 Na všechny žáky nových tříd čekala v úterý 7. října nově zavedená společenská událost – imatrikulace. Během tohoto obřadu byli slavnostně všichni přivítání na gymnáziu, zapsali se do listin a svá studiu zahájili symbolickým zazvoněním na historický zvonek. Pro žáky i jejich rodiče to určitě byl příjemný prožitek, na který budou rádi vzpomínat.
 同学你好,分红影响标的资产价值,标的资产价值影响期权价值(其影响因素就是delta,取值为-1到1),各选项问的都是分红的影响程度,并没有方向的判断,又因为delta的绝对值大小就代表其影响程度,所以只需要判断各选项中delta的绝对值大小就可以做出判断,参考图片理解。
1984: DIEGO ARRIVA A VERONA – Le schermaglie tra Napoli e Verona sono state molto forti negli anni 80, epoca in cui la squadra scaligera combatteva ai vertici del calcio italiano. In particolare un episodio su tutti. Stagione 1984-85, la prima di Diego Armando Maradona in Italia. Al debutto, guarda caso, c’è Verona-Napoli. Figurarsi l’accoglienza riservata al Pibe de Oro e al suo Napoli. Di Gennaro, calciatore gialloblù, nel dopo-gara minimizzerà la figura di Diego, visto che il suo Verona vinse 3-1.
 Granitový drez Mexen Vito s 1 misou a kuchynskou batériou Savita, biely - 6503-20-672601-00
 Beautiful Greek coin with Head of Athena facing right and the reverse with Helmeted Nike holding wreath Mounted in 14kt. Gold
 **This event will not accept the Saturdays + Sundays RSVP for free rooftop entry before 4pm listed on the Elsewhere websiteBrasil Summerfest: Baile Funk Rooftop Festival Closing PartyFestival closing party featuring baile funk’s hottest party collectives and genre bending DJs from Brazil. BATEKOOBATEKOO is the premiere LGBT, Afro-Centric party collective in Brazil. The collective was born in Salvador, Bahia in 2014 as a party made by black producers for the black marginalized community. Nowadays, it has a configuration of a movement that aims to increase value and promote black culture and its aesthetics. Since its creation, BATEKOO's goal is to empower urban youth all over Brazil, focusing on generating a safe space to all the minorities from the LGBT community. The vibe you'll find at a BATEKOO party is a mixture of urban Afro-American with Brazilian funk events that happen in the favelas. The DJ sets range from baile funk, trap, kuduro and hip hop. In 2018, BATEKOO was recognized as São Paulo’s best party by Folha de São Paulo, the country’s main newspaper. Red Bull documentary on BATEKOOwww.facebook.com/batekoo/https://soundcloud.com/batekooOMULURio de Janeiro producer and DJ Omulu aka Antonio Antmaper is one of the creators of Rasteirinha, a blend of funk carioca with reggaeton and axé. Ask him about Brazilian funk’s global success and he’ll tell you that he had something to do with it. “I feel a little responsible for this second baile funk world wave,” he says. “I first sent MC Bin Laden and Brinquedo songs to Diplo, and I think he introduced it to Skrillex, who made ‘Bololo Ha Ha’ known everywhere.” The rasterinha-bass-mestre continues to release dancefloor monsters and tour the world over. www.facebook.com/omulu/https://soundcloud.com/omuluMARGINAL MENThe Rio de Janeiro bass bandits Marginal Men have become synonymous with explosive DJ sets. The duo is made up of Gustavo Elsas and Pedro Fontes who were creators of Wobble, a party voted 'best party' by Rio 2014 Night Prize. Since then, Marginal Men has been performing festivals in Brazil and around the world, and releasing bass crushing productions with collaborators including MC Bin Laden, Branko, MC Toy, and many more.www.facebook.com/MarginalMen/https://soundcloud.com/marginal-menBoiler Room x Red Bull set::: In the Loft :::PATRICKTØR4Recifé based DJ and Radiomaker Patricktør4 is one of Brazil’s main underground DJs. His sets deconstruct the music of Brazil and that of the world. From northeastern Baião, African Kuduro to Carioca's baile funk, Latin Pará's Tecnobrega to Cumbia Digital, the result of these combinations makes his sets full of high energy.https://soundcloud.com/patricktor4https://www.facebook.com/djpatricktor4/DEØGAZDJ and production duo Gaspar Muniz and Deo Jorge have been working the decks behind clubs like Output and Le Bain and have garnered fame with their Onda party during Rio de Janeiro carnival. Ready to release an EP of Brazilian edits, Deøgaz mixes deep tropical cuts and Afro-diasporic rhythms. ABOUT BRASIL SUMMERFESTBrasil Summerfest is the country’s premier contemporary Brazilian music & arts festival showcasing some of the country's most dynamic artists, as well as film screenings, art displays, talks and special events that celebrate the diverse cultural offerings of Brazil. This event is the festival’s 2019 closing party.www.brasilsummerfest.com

=-=-=-=-=

» **What is being asked**
Look above for the line holding "1984: DIEGO ARRIVA" and the line holding "Beautiful Greek coin". Retype both, and every line between them, word for word and nothing else.

» **Solution to this problem**
1984: DIEGO ARRIVA A VERONA – Le schermaglie tra Napoli e Verona sono state molto forti negli anni 80, epoca in cui la squadra scaligera combatteva ai vertici del calcio italiano. In particolare un episodio su tutti. Stagione 1984-85, la prima di Diego Armando Maradona in Italia. Al debutto, guarda caso, c’è Verona-Napoli. Figurarsi l’accoglienza riservata al Pibe de Oro e al suo Napoli. Di Gennaro, calciatore gialloblù, nel dopo-gara minimizzerà la figura di Diego, visto che il suo Verona vinse 3-1.
 Granitový drez Mexen Vito s 1 misou a kuchynskou batériou Savita, biely - 6503-20-672601-00
 Beautiful Greek coin with Head of Athena facing right and the reverse with Helmeted Nike holding wreath Mounted in 14kt. Gold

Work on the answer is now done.